Groupe 4 : Stockage : mémoire, état, artefacts
- ->État persistant limité (durée, taille, contenus autorisés).
- ->Pas de stockage de secrets ou de données sensibles dans la « mémoire » de l’agent.
- ->Journaliser les artefacts produits (fichiers, requêtes, payloads) avec un identifiant de trace.
Groupe 5 : Preuves : logs structurés et chaînage
- ->Logs structurés : prompt, outil invoqué, paramètres, décision, résultat, erreurs.
- ->Corrélation : un identifiant unique par exécution (trace id) du début à la fin.
- ->Export SIEM possible et conservation suffisante pour investiguer.
Groupe 6 : Avant montée en charge : évaluations et échecs
- ->Jeux d’éval qui ciblent l’injection de prompt et les actions dangereuses.
- ->Catégoriser les échecs (exfiltration, action non autorisée, boucle infinie, contournement).
- ->Garder un pack de prompts de test rejouables à chaque changement.
##Flux opérationnel : où placer les garde-fous
Utilisez ce flux pour positionner vos contrôles au bon endroit : avant la décision d’action, au moment du tool call, et après l’exécution (preuve).

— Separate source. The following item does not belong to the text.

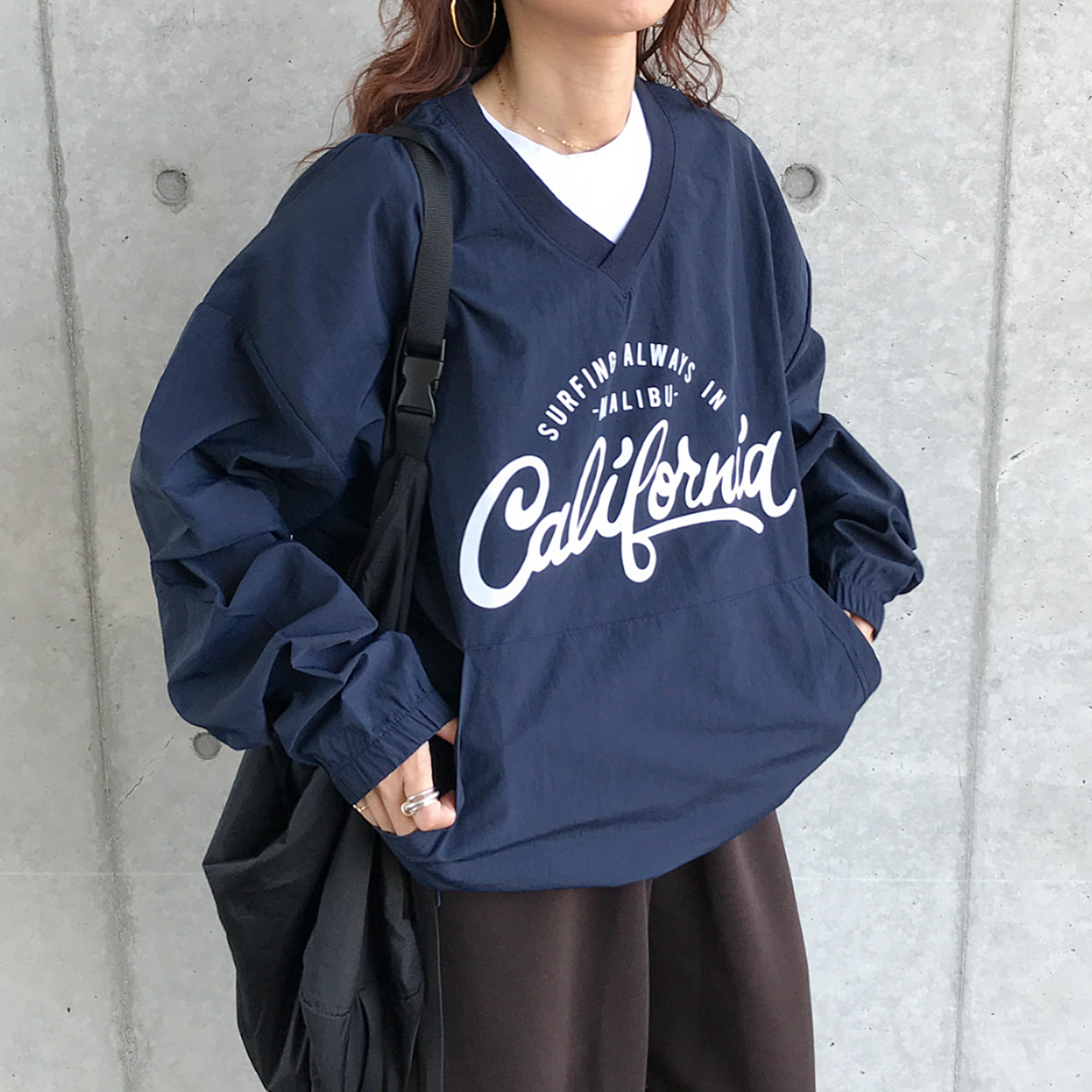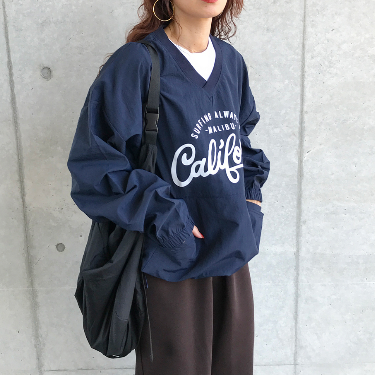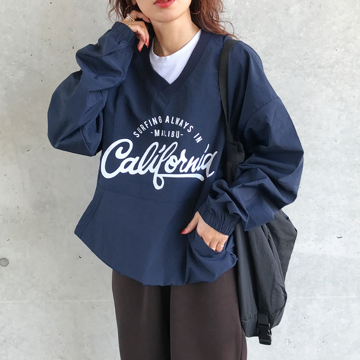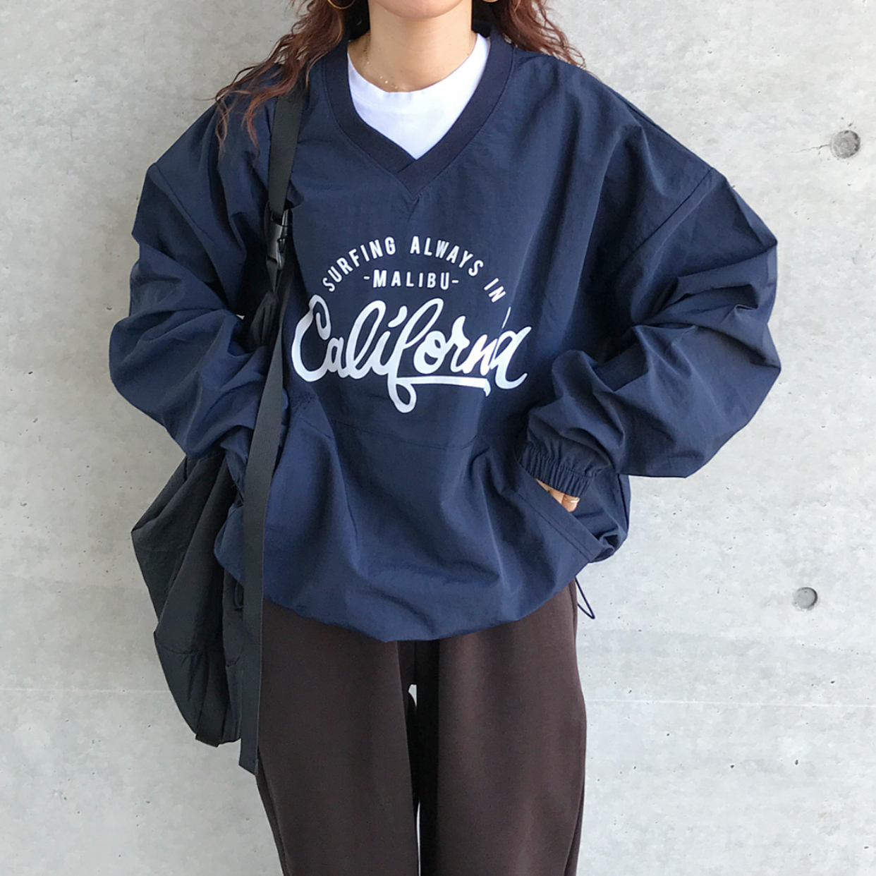 (ユニセックス)ポケットVネックウインドブレーカースウェット

- ├─Règles de confiance : marquer les sources externes comme non fiables.
- ├─Nettoyage/normalisation : réduire les formats ambigus si possible.
- └─Tests d’injection de prompt sur chaque canal d’entrée avant ouverture.
- ├─Séparer « plan » et « décision d’action » (la décision doit passer par une politique).
- ├─Limiter les outils disponibles selon le contexte (pas de toolbox complète).
- └─Plafonds : nombre d’actions, temps max, et conditions d’arrêt.
- ├─Authentifier + autoriser chaque appel, avec identité d’agent et règles explicites.
- ├─Valider les paramètres côté serveur (schéma, bornes, interdits).
- └─Journaliser : action demandée, paramètres, décision (allow/deny), résultat.
- ├─Sandbox : secrets isolés, accès fichiers restreint, egress contrôlé.
- ├─Workflow d’approbation pour actions irréversibles ou à fort impact.
- └─Gestion des erreurs : retries bornés, pas de boucle silencieuse.
- ├─Chaîne de preuve : relier prompt → tool call → effet externe → résultat.
- ├─Alertes : action refusée, tentative d’action sensible, pics de tool calls, nouveaux endpoints.
- └─Rejouer les évals après tout changement (modèle, prompt, outils, permissions).
##Questions de décision (si vous devez trancher vite)
Qu’est-ce qui change quand un agent « agit » via des outils ?
Vous gérez une surface d’exécution. L’enjeu devient : qui agit, avec quels droits, sur quelles données, et avec quelles preuves après coup.
Quel contrôle mettre en place en premier si je manque de temps ?
Lier chaque tool call à une identité d’agent, puis appliquer autorisation + logs structurés. Sans ça, vous ne pouvez ni reconstruire l’action, ni limiter l’impact.
Où l’injection de prompt fait le plus de dégâts ?
Sur les contenus externes ingérés (pages web, documents, tickets, email). Traitez-les comme non fiables, et testez des scénarios d’injection sur chaque canal.
Quand imposer une validation humaine ?
Dès qu’une action est irréversible ou a un impact élevé : suppression, paiement, changement de droits, changement de configuration, ou propagation à grande échelle.
Source de départ (pour contexte)
Cloudflare pose le cadre « storage, execution, security primitives » pour un web adapté aux agents autonomes. À utiliser comme grille de lecture, puis à traduire en contrôles sur votre pipeline de tool calls.